I have often felt that modern society and all of its components, namely, the internet, threatens the legitimacy of, and exploits the evocation of feelings induced by art. I often ponder if one can feel the same overwhelming and sometimes unexplainable passions when their eyes are plastered to a glaring computer screen, as opposed to participating in the act of art by standing five feet from Picasso’s Guernica, or holding tangibly, Edith Wharton’s Ethan Frome. I certainly couldn’t, but perhaps I am what some might call “old-fashioned.” The devil’s advocate, however, might call the internet, and the vehicle it creates for society, art in itself. The devil’s advocate may also say that without technology, art could not thrive. For example, records, followed by cassettes, proceeded by compact discs, and now Itunes, have made thousands of songs, voices, emotions, opinions and pleasures, available to those who otherwise would not be able to hear them. Thousands of museums and other cultural institutions might not be discovered if they were not readily found by the clicking fingertips that graze the keyboard.

Two hundred years ago, in order to see one’s neighbor, one might need to travel a considerable distance. If a friend or family member decided to relocate to another state, country, maybe merely another county, they might never be seen again.

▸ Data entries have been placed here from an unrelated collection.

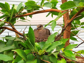植木屋さんが枝を切っていると何とハトがタマゴを温めていました。本当にビックリです。じっと雨風に耐えて、一生懸命の親ハトは偉いなぁ~と思いました。ヒナがかえるまで、頑張って欲しいと思います。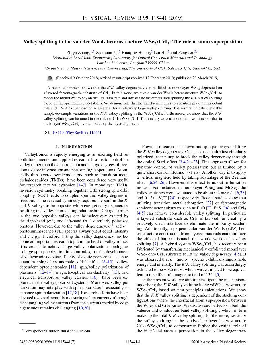 在本工作中,我们旨在研究基于第一性原理计算的VDW异质结构WSe2/CrI3中KK谷分裂的机制。我们发现KK谷 点燃取决于WSe2和CrI3之间的界面原子叠加变化的叠加形状。我们讨论了这种对价和导带谷分裂的影响,这反过来又构成了总的谷分裂。此外,我们还研究了三明治三层异质结构CrI3/WSe2/CrI3中的谷分裂,以进一步证明界面原子叠加在谷减速上涨中的关键作用。本文的其余部分安排如下。在证券交易委员会。我们描述了所使用的方法。结果和讨论在证券交易委员会提出。我们在证券交易委员会结束我们的工作。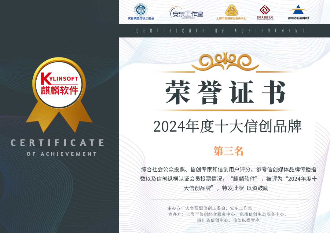品牌综合得分:737(总票数)+380(信创专家平均分)+360(信创用户平均分)+280(信创媒体品牌传播指数:优)+280(信创纵横认证会员投票数)=2037
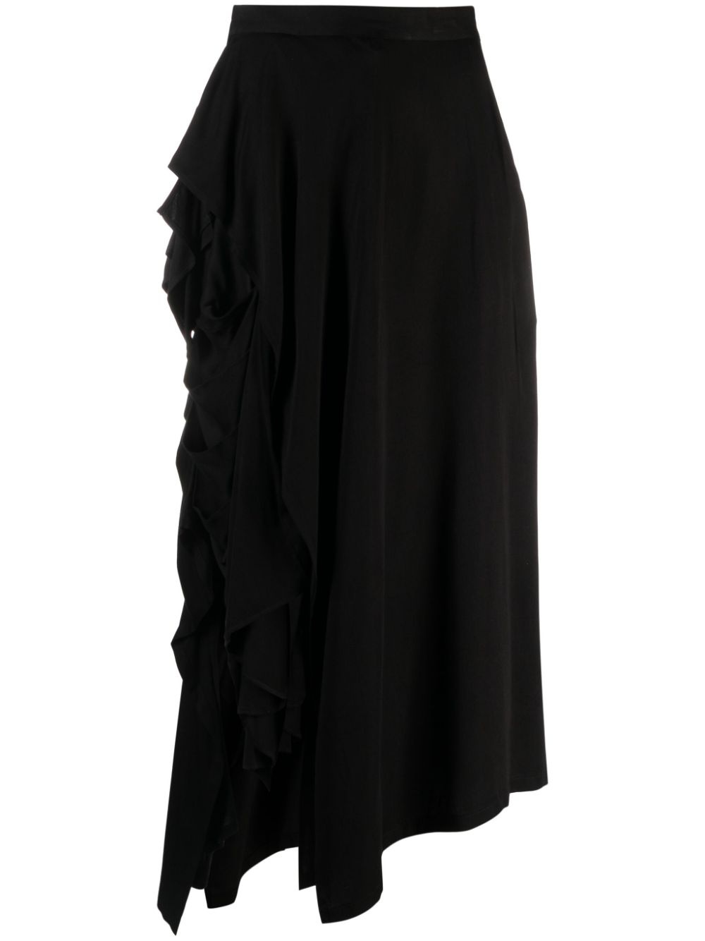 ruffled-detail asymmetric maxi skirt Highlights - Black - Asymmetric design - Draped design - Pleat detailing - Ruffled detailing - High-waisted - Elasticated waistband - Side slit - Ankle-length - Asymmetric hem Imported Composition Rayon 100% SIZE & FIT Model measurements Height 5 ft 10 in(1.78 m) Bust/Chest 29.92 in(76 cm) Hips 34.64 in(88 cm) Waist 23.62 in(60 cm) Washing instructions Dry Clean Only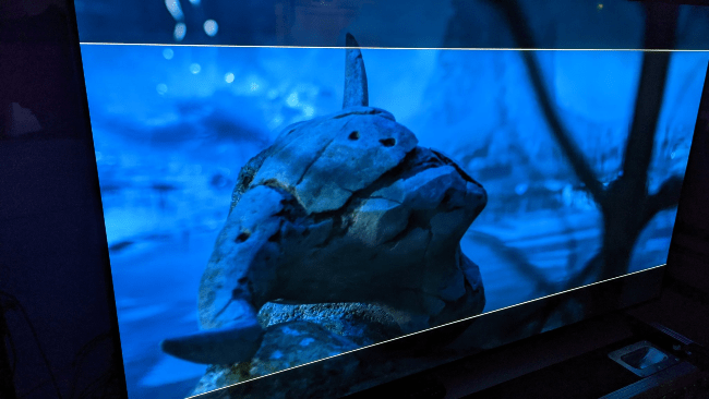 The image seen isn’t familiar to anyone; no one can seem to place it within Returnal’s current biomes and environments. Showing what appears to be a rocky formation that looks like a horned helmet or head, the picture is an off-screen image taken on a TV that is sitting on gear crates—the kind often used for big events, like say, maybe The Game Awards. The figure that stands as the subject of the image looks like it could possibly be one of the statues of the alien life forms that litter Atropos, though there does appear to be something a bit different about it, not to mention the unfamiliar environment it seems to be in.

It is this distance, I propose, that created closeness- a strong bond of humanity that was unshaken by miles, time zones or the elements. Fond memories and letters as physical evidence of sentiment helped maintain nearness. Today, the distance factor has been breached, yet humans have become more and more detached from one another. Or do we? Is it possible to feel the same excitement when a long awaited, quill pen written letter arrives in the hands of the mailman, as when the e-mail inbox sounds “bing” (and alerts its possessor of a typed-in-a-generic-font, paragraph deficient, with a sometimes misconstrued-tone e-mail)? Maybe it’s just different. Diverse, in the same way that blogging might be compared to journal writing, or “Facebooking” might take the place of a phone call.

Who will be the Ralph Waldo Emersons, the Virginia Woolfs and the Jack Kerouacs of tomorrow? Will they be the “bloggers” of today? With the effects of the internet, such as “YouTube,” any ordinary person can become famous. In Blogland, anyone can feel empowered, as if they have made an everlasting mark in the world by somehow sharing themselves with friends, family, acquaintances, even strangers. Then again, one might say that bloggers or “YouTubers” are lazy- insufficient of pulling up their socks to accomplish what they would like on a larger scale. Or, maybe they are contently participating in society by sharing themselves through the apparatus that connects the world.

In conclusion, why blog? Blog because this world is a paradox. Why this blog (besides the fact that I am a former English Major suffering withdrawals and would like to give my friends something to do when they are bored at their desk jobs)? To open a window, to capture a thought, to participate in art… to make myself and those who read it feel a little less alone in the wilderness that is this world.

(On a side note, I have found it utterly hilarious that my spell check device does not recognize the verb “blogging” or the noun “blogger.” How ironic that even computers cannot keep up with these times.)